The output should contain the listing word for word and no pictures.

• _MATERIAL PROVIDED_:

"""

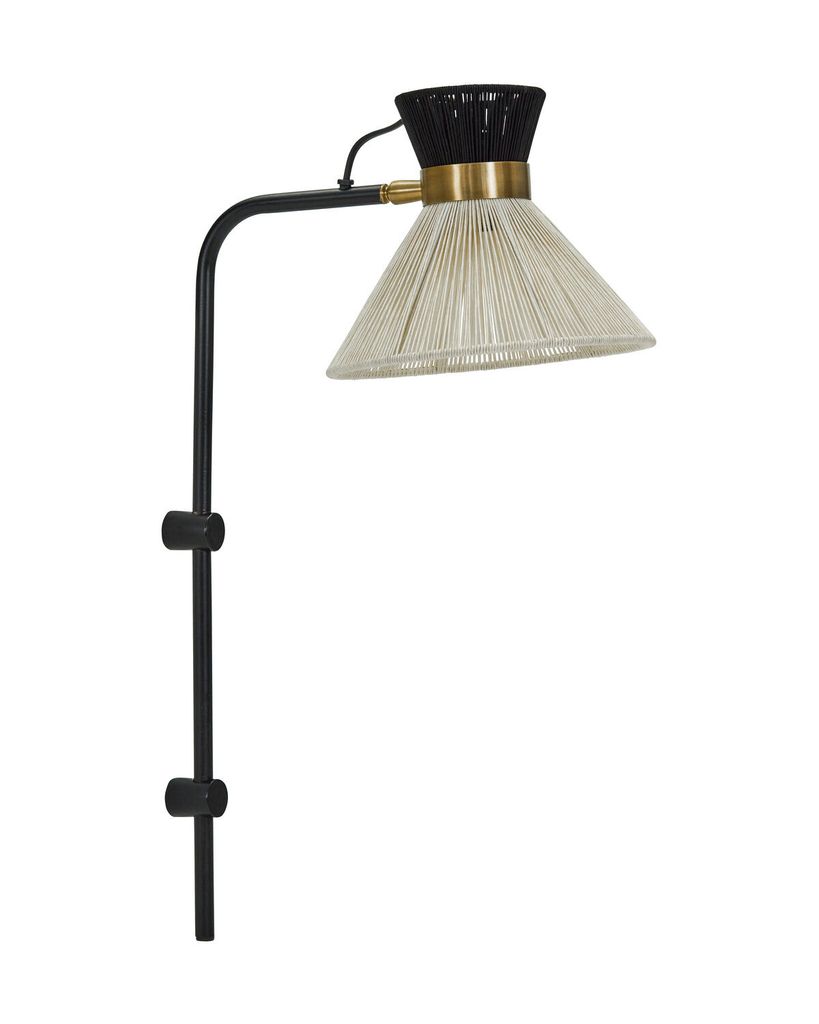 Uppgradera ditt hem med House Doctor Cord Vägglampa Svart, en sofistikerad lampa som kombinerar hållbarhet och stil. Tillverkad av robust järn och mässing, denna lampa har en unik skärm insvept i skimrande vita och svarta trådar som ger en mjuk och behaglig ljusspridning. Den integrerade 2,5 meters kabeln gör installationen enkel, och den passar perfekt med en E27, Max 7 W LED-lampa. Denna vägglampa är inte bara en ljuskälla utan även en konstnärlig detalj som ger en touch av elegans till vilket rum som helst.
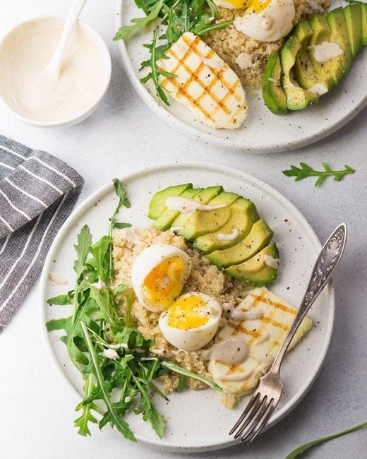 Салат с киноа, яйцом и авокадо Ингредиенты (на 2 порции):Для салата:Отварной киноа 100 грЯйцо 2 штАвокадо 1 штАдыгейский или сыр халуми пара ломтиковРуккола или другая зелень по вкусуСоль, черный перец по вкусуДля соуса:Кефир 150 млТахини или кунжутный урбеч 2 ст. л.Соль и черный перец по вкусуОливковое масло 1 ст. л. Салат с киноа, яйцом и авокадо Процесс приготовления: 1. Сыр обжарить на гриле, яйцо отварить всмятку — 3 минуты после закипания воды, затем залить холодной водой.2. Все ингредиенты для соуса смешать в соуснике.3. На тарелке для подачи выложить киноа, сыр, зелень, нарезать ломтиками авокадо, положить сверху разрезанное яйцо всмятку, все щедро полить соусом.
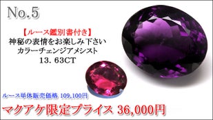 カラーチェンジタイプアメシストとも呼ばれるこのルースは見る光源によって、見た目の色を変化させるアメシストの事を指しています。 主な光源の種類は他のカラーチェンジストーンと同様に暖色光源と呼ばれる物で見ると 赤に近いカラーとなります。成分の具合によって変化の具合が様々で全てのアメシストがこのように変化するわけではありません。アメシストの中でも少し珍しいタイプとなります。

"""

• _ANSWER SECTION_:
 Uppgradera ditt hem med House Doctor Cord Vägglampa Svart, en sofistikerad lampa som kombinerar hållbarhet och stil. Tillverkad av robust järn och mässing, denna lampa har en unik skärm insvept i skimrande vita och svarta trådar som ger en mjuk och behaglig ljusspridning. Den integrerade 2,5 meters kabeln gör installationen enkel, och den passar perfekt med en E27, Max 7 W LED-lampa. Denna vägglampa är inte bara en ljuskälla utan även en konstnärlig detalj som ger en touch av elegans till vilket rum som helst.
 Салат с киноа, яйцом и авокадо Ингредиенты (на 2 порции):Для салата:Отварной киноа 100 грЯйцо 2 штАвокадо 1 штАдыгейский или сыр халуми пара ломтиковРуккола или другая зелень по вкусуСоль, черный перец по вкусуДля соуса:Кефир 150 млТахини или кунжутный урбеч 2 ст. л.Соль и черный перец по вкусуОливковое масло 1 ст. л. Салат с киноа, яйцом и авокадо Процесс приготовления: 1. Сыр обжарить на гриле, яйцо отварить всмятку — 3 минуты после закипания воды, затем залить холодной водой.2. Все ингредиенты для соуса смешать в соуснике.3. На тарелке для подачи выложить киноа, сыр, зелень, нарезать ломтиками авокадо, положить сверху разрезанное яйцо всмятку, все щедро полить соусом.
 カラーチェンジタイプアメシストとも呼ばれるこのルースは見る光源によって、見た目の色を変化させるアメシストの事を指しています。 主な光源の種類は他のカラーチェンジストーンと同様に暖色光源と呼ばれる物で見ると 赤に近いカラーとなります。成分の具合によって変化の具合が様々で全てのアメシストがこのように変化するわけではありません。アメシストの中でも少し珍しいタイプとなります。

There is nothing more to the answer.